"Cuando voy en el vagón D (cosa que
normalmente hago)
y el tren se detiene en este
semáforo (cosa que acostumbra a hacer)
puedo ver perfectamente mi casa
favorita de las que están junto a las vías:
la del número 15. (...)
Conozco esta casa de memoria.
Conozco todos sus ladrillos,
el color de las cortinas del
dormitorio del piso de arriba
(beis, con un estampado azul
oscuro),
los desconchados de la pintura en
el marco de la ventanilla del cuarto de baño
y las cuatro tejas que faltan en
una sección del lado derecho del tejado..."
Me parece haber oído que
este verano ha sido el primero sin canción del verano (que digo yo que entonces
“La gozadera” sonando a todas horas en todos sitios habrá sido fruto de un resurgir del Mester
de Juglaría… En fin). Podemos dedicarle
todo el rato que querais a este apasionante debate, pero si la banda sonora no
está clara, lo que no admite discusión es que este pasado verano ha tenido un
libro indiscutible y no ha sido otro que La chica del tren (Planeta. 2015). Y no lo digo yo. Es imposible abstraerse del éxito
obtenido por este auténtico superventas de Paula Hawkins (Zimbaue, 1972): 5 millones de copias
vendidas en 30 países entre ellos España, donde se llegaron a lanzar 7
ediciones en sólo un mes. No ha habido un sólo viaje en metro este verano en el
que no me haya topado con al menos una persona leyéndolo en el mismo vagón en
el que yo viajaba. En todos los grupos de amigos había quien lo había leído
y lo recomendaba y quien, habiéndolo leído también, desaconsejaba su lectura.
Total, que deje pasar los meses
y cuando la fiebre por esta novela (y la guerra entre sus defensores y sus
detractores) amainó, encarando ya el invierno, decidí sentarme con un título al que, lo digo ya, de no
haber tenido la impresionante maquinaria de marketing que tiene detrás,
probablemente no le hubiera dado la más mínima oportunidad.
La chica del tren es
Rachel, un personaje con más tintes de protagonista de melodrama televisivo
emitido a la hora de la siesta que de la novela de suspense revelación del año.
Sus problemas con el alcohol son la causa de que su marido la haya abandonado y
de que la hayan despedido de su trabajo.
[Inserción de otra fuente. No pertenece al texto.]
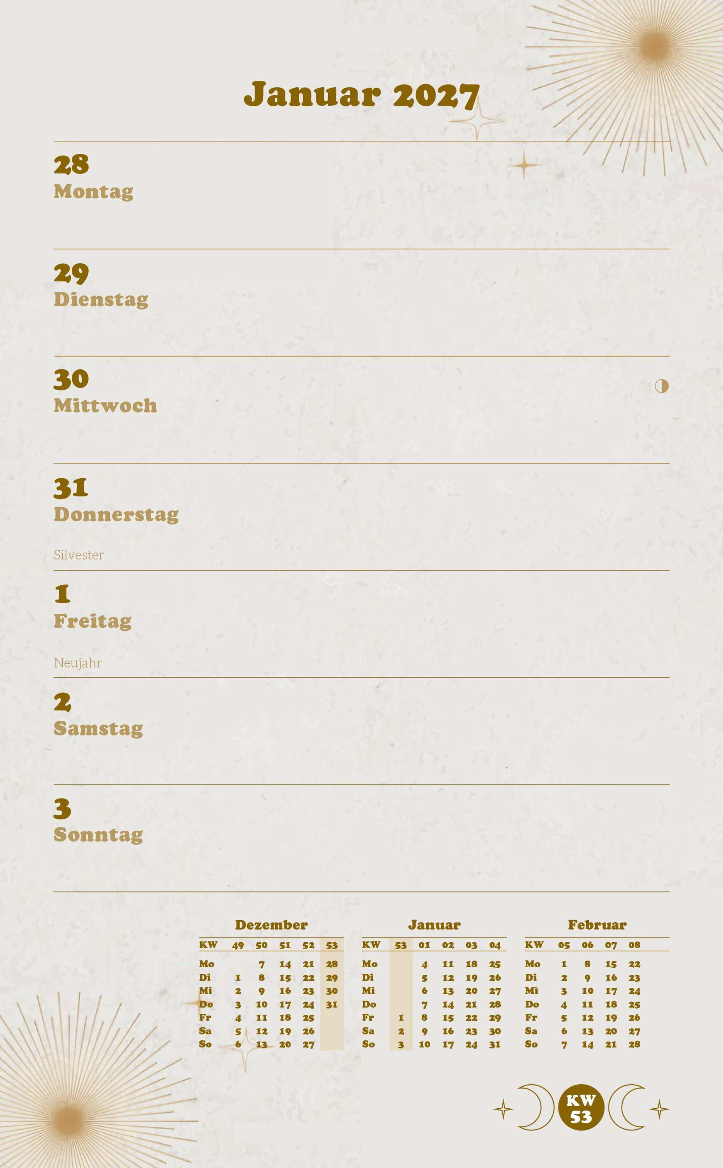 „Erwecke die Göttin in dir 2027" ist mehr als ein Kalender -- es ist ein wöchentlicher Begleiter für mehr Bewusstsein, innere Verbindung und liebevolle Selbstbegleitung durch das Jahr.

Inmersa en una espiral de mentiras y
auto-destrucción de la que es incapaz de salir, la única manera de mantener ese
castillo de naipes que ha creado es seguir cogiendo el mismo tren que la
llevaba hasta su trabajo para pasarse el día bebiendo y vagando por la ciudad
antes de volver a casa a la hora a la que debería regresar de la oficina. Todos
los días el tren se detiene ante una zona residencial de las afueras de Londres
y Rachel se entretiene imaginando una vida idílica para dos de los habitantes a
los que observa diariamente desde la ventanilla. Pero un día ve algo que nada
tiene que ver con esa existencia placentera que ha construido en su cabeza y
que sitúa a nuestra protagonista en la primera línea de la investigación.
Llegados a este punto,
los que esperen que saque la artillería pesada para desmontar el fenómeno
editorial del 2015 pueden ir cambiando de canal porque no es el caso. Obviamente
la novela tiene puntos débiles, pero La chica del tren me ha gustado. Quizá no
me ha encantado, pero me ha gustado bastante no sé si porque esperaba muy poco de ella. El hecho de que cuente con tres
narradoras en primera persona, aunque al principio me costó un poco
identificarlas y ubicarlas (y ubicarme) dentro de la historia, me parece
tremendamente original porque permite tener una visión de la historia de 360
grados.
Debo reconocer que el
final se me ha antojado un poco flojo y que resulta complicado (por no decir
imposible) conectar con ninguno de los personajes, pero la novela cumple a la
perfección con su función de entretener, por lo que si no eres un lector experto en novela negra, que entonces entiendo que el nivel de exigencia es otro, ni esperas leer la novela del año, creo que estamos ante una lectura aceptable.
Y es que el
problema de las expectativas es que rara vez se ajustan a la realidad y una
experiencia cualquiera, que hubiera podido ser de lo más placentera de no haber
tenido el listón tan alto, acaba convertida en un auténtico desastre por arte
de birlibirloque. Esta fue la lección que saqué de mi viaje de estudios a
Italia, cuando mi emoción extrema por conocer la cuna de la civilización
occidental se volvió honda decepción ante el deterioro y el precario estado de
conservación del basto patrimonio histórico romano. Y sin embargo la ciudad de
Florencia me cautivó, a pesar de que a priori era la parte del itinerario que
menos me atraía.
Pues con La
chica del tren yo creo que la clave está en leerlo pensando que vas a
conocer Florencia, porque como vayas pensando que es Roma lo más probable es
que la decepción sea mayúscula. Pero si tus miras no están tan altas, la
novela aprueba sobradamente.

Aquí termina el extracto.